PROVIDED DATA -
BEGIN
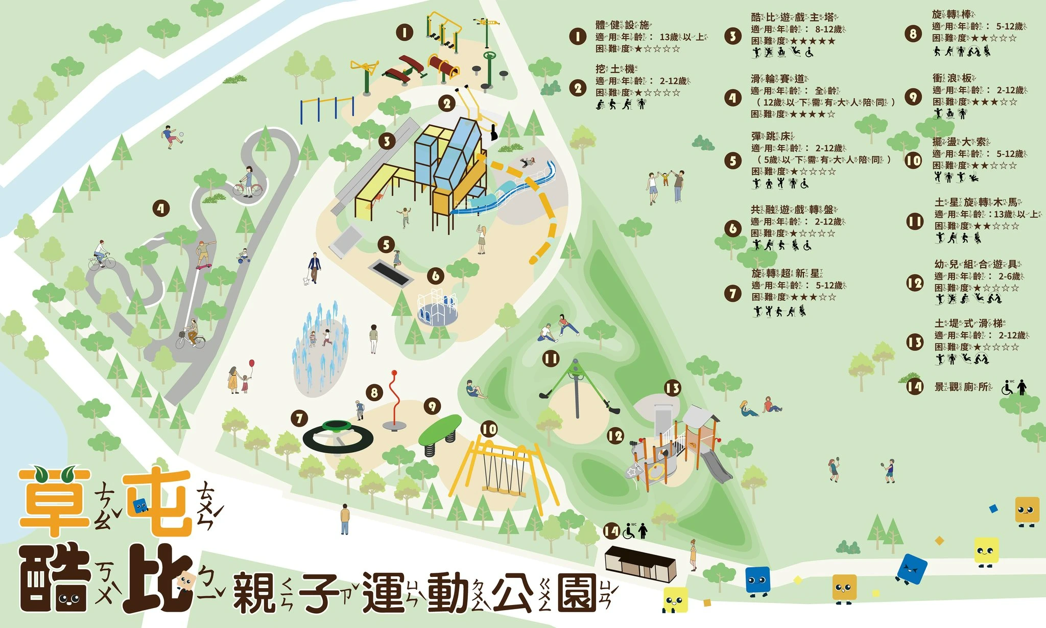 ▼「草屯酷比親子運動公園」共有13個遊樂設施,在公園地圖上都有明確標示適合的年齡以及用星星數表示困難度。
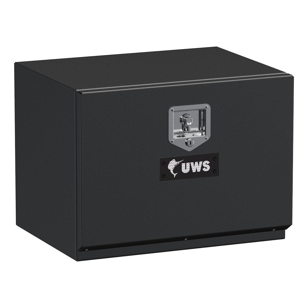 Upgrade your work vehicle with the UWS steel underbody tool box, designed to provide secure storage for your tools and equipment. Whether mounted above or below your flatbed, dump truck or trailer body, this tool box offers convenience and durability. Crafted from extra-thick, 14-gauge steel, it can withstand heavy loads while maintaining its integrity. The matte black powder coat finish not only adds a sleek look but also protects against corrosion and scratches, ensuring longevity even in tough working environments. With a 90-Degree opening door and a lockable T-handle for one-hand access, loading and unloading your tools has never been easier or more secure. Say goodbye to struggling with your tools – our steel underbody tool box provides easy access and reliable security. The door opens a full 90 degrees, allowing for hassle-free loading and unloading of equipment, saving you time and effort on the job. The lockable T-handle ensures that your tools stay safe and secure while you're on the go, giving you peace of mind knowing your valuable equipment is protected. Designed with convenience in mind, this tool box is a must-have for any professional who relies on their tools day in and day out.
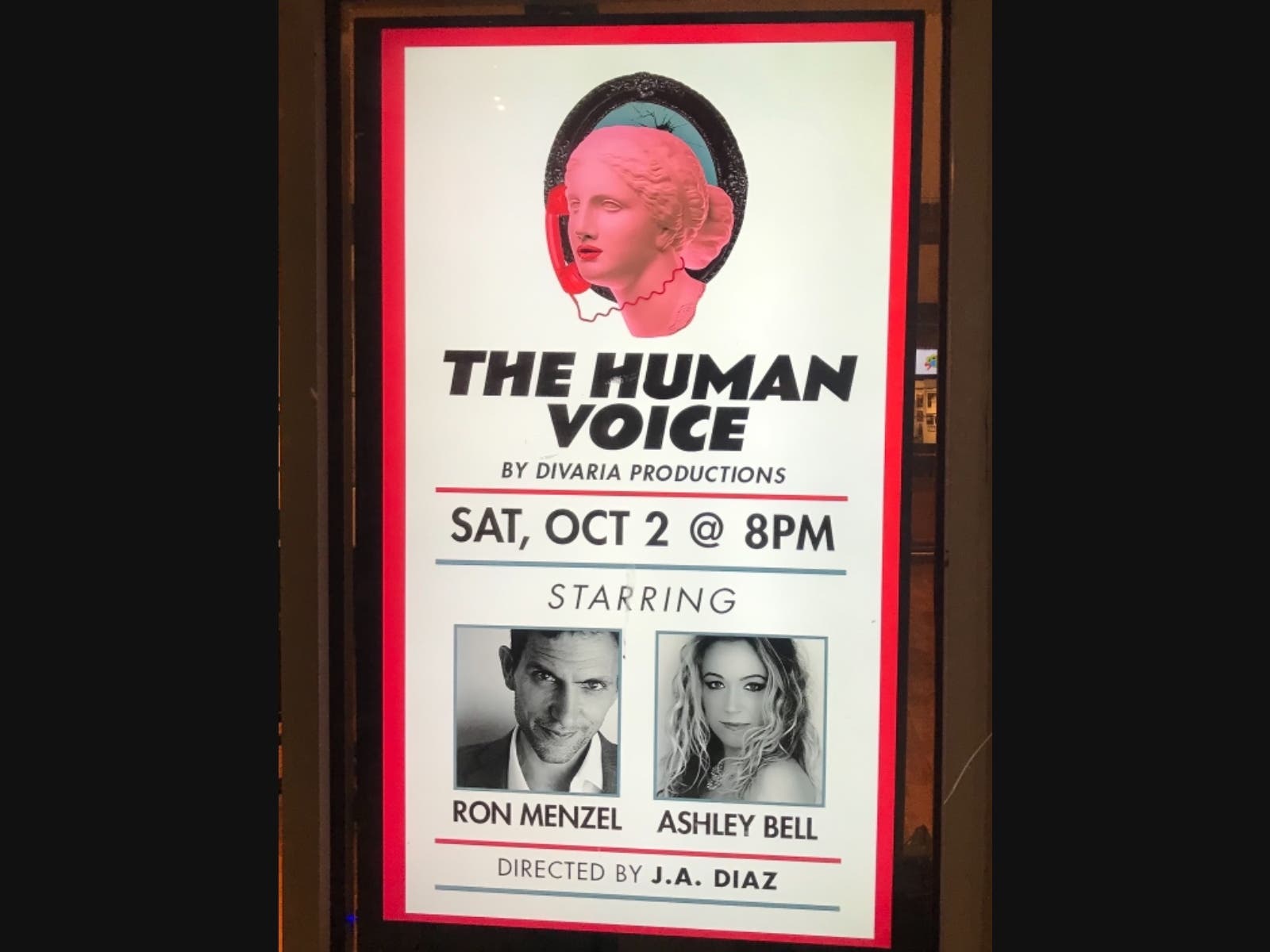 Divaria Productions, along with the Bay Street Theater successfully presented Francis Poulenc and Jean Cocteau’s 1930 one act tragedy, “La Voix Humaine,” on October 2nd at 8pm live on the Bay Street Stage. Renowned Director J.A.Diaz’s vision of combining both opera soprano Ashley Galvani Bell and and the acting talents of James Patrick Nelson turned out to be pure genius.
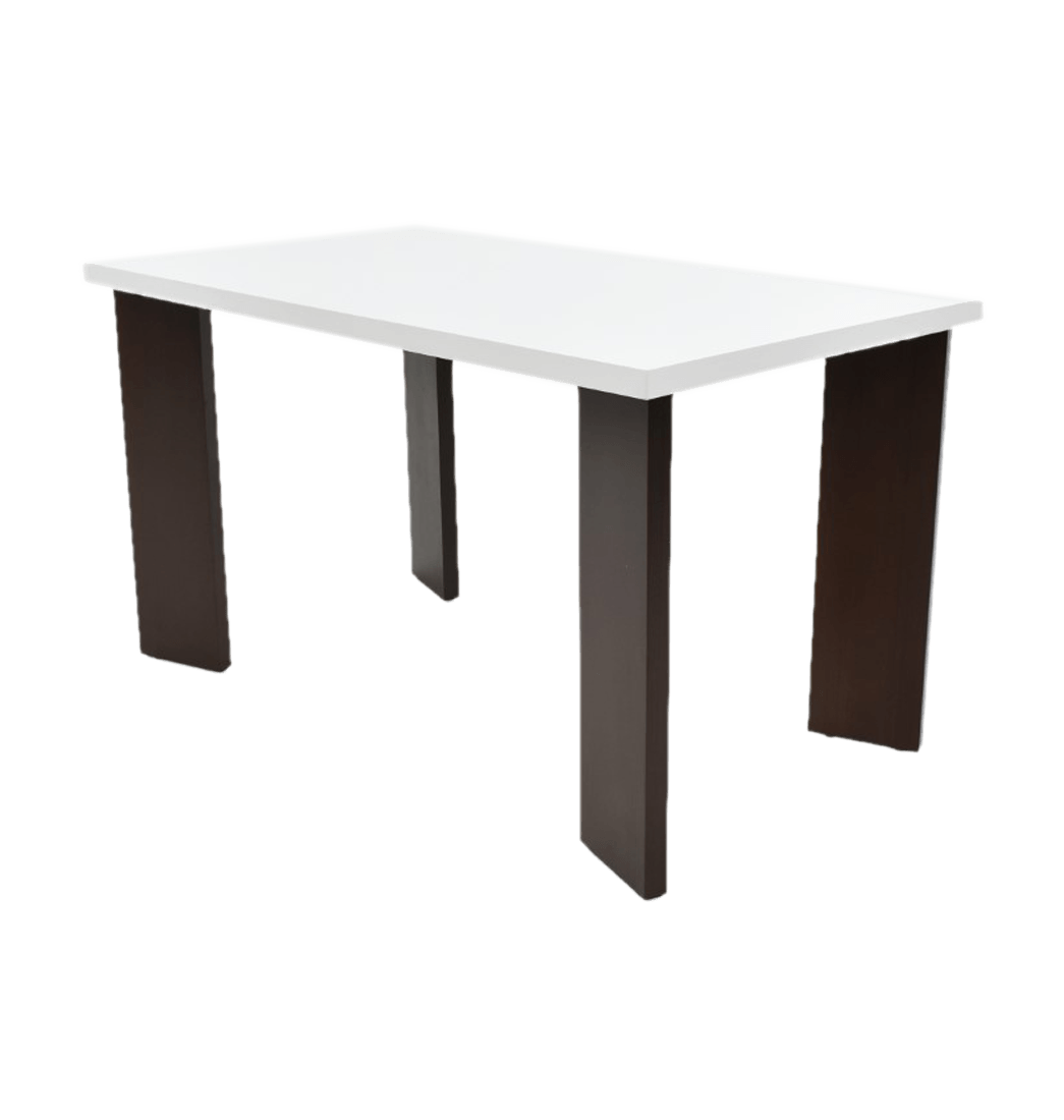 - La Mesa de Comedor Sevilla cuenta con bases elaboradas en madera pino inmune al gorgojo pintadas en color wengue y superficie en madera aglomerada color blanco.
END
EXERCISE DESCRIPTION -
Omit the pictures, then copy out all the data exactly as it stands.

SOLUTION -
 ▼「草屯酷比親子運動公園」共有13個遊樂設施,在公園地圖上都有明確標示適合的年齡以及用星星數表示困難度。
 Upgrade your work vehicle with the UWS steel underbody tool box, designed to provide secure storage for your tools and equipment. Whether mounted above or below your flatbed, dump truck or trailer body, this tool box offers convenience and durability. Crafted from extra-thick, 14-gauge steel, it can withstand heavy loads while maintaining its integrity. The matte black powder coat finish not only adds a sleek look but also protects against corrosion and scratches, ensuring longevity even in tough working environments. With a 90-Degree opening door and a lockable T-handle for one-hand access, loading and unloading your tools has never been easier or more secure. Say goodbye to struggling with your tools – our steel underbody tool box provides easy access and reliable security. The door opens a full 90 degrees, allowing for hassle-free loading and unloading of equipment, saving you time and effort on the job. The lockable T-handle ensures that your tools stay safe and secure while you're on the go, giving you peace of mind knowing your valuable equipment is protected. Designed with convenience in mind, this tool box is a must-have for any professional who relies on their tools day in and day out.
 Divaria Productions, along with the Bay Street Theater successfully presented Francis Poulenc and Jean Cocteau’s 1930 one act tragedy, “La Voix Humaine,” on October 2nd at 8pm live on the Bay Street Stage. Renowned Director J.A.Diaz’s vision of combining both opera soprano Ashley Galvani Bell and and the acting talents of James Patrick Nelson turned out to be pure genius.
 - La Mesa de Comedor Sevilla cuenta con bases elaboradas en madera pino inmune al gorgojo pintadas en color wengue y superficie en madera aglomerada color blanco.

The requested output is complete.